In accordance with a further aspect of the invention, there is provided an apparatus using AVC intra prediction to code digital video comprising a plurality of pictures. The apparatus comprises a device for generating edge directional information for each intra block of a digital picture; and a device for choosing most probable intra prediction modes for rate distortion optimisation dependent upon the generated edge directional information. Other aspects of the apparatus may be implemented in line with aspects of the above method,

BRIEF DESCRIPTION OF THE DRAWINGS

Embodiments of the invention are described hereinafter with reference to the drawings, in which:

FIG. 1 is an example of intra prediction for a 4×4 luma block;

FIG. 2 is an example of edge direction histogram for a 4×4 luma block;

FIG. 3 is an intra 8×8 and 16×16 prediction mode directions;

FIG. 4 is a high-level flow diagram illustrating a method of AVC intra prediction to code digital video comprising a plurality of pictures; and

FIG. 5 is a block diagram of a general purpose computer with which embodiments of the invention may be practised.

DETAILED DESCRIPTION

A method, an apparatus, and a computer program product for AVG intra prediction to code digital video comprising a plurality of pictures are disclosed herein. While only a small number of embodiments are set forth, it will be appreciated by those skilled in the art that numerous changes and/or substitutions may be made without departing from the scope and spirit of the invention. In other instances, details well known to those skilled in the art may be omitted so as not to obscure the invention.

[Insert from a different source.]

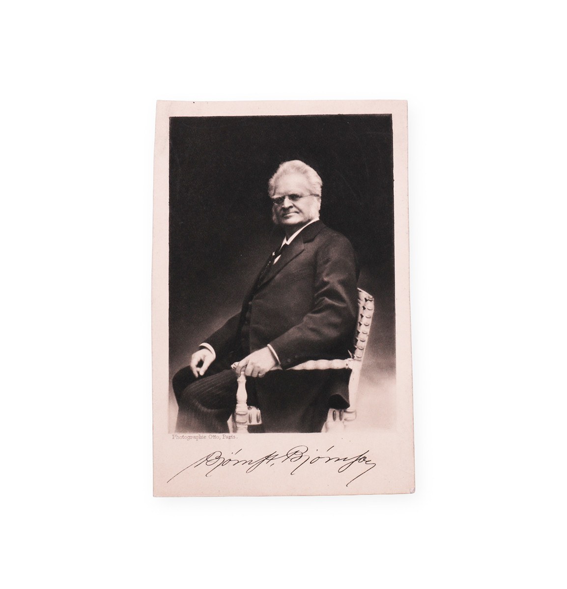 Photograph showing the Norwegian writer and Nobel Prize winner for literature Bjørnstjerne Bjørnson in a dignified, autographed seated portrait. The picture was taken in the Otto studio in Paris. Bjørnson (1832 – 1910) was one of the most important figures in Norwegian literature of the 19th century. He became famous as a playwright, poet and author of the Norwegian anthem. His work is characterized by deep patriotism, humanism and involvement in issues of national identity.Bidders are obliged to inform themselves about the condition of the lots before the auction, subsequent complaints will not be taken into account.

The embodiments of the invention provide a fast mode decision algorithm for AVC intra prediction based on local edge directional information, which reduces the amount of calculations in intra prediction. Based on edge information in the image block to be predicted, a local edge direction histogram, an edge directional field, or any other form of edge directional information is generated for each image block. Based on this edge directional information, a mechanism is provided to choose only a small number of the most probable intra prediction modes for rate distortion optimisation calculation. That is, with the use of edge direction histograms derived from the edge map of the picture, only a small number of most possible intra prediction modes are chosen for the RDO calculation. Therefore, the fast mode decision algorithm increases significantly the speed of intra coding. The pixels along a local edge direction are normally of similar values (both luma and chroma components). Therefore, a good prediction may be achieved if the pixels are predicted using those neighbouring pixels that are in the same direction as an edge.

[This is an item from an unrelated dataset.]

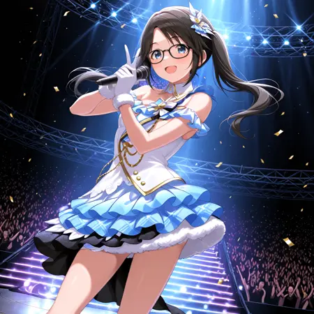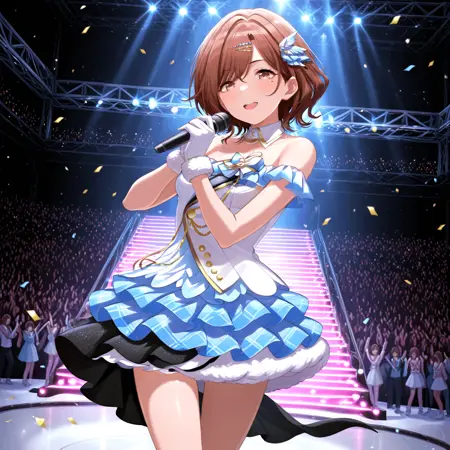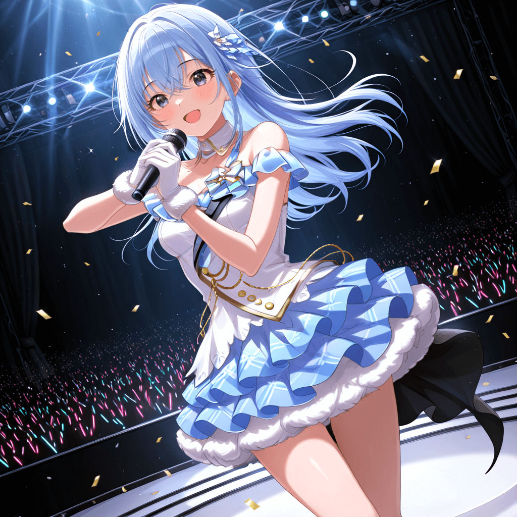 BETB_outfit, hair ornament, white and blue ornament, white and blue dress, black fishtail, single fishtail, strapless dress, white fur trim, layered dress, sleeveless, frills, fur-trimmed skirt, detached collar, white collar, white gloves, fur-trimmed gloves, thighs, white boots, fur-trimmed boots

Embodiments of the invention have one or more of the following features: Edge directional information in an image block (4×4, 8×8, 16×16, or any other block size) is used to guide the process of intra prediction;

Edge direction histogram may be used as the local edge directional information to guide the process of intra prediction;

Edge directional field may be used as the local edge directional information to guide the process of intra prediction.

Other forms of edge directional information in the image block may be used as the local edge directional information to guide the process of intra prediction;

One edge direction that has the strongest edge strength may be used as the best candidate for rate distortion optimisation calculation;

Two or more edge directions that have the stronger edge strength may be used as the preferred candidates for rate distortion optimisation calculation;

Early termination of the RDO mode calculation based on the number of non-zero coefficients after integer transform and zigzag scanning; and

Early termination of the RDO mode calculation based on the length of zero runs after an integer transform and zigzag scanning.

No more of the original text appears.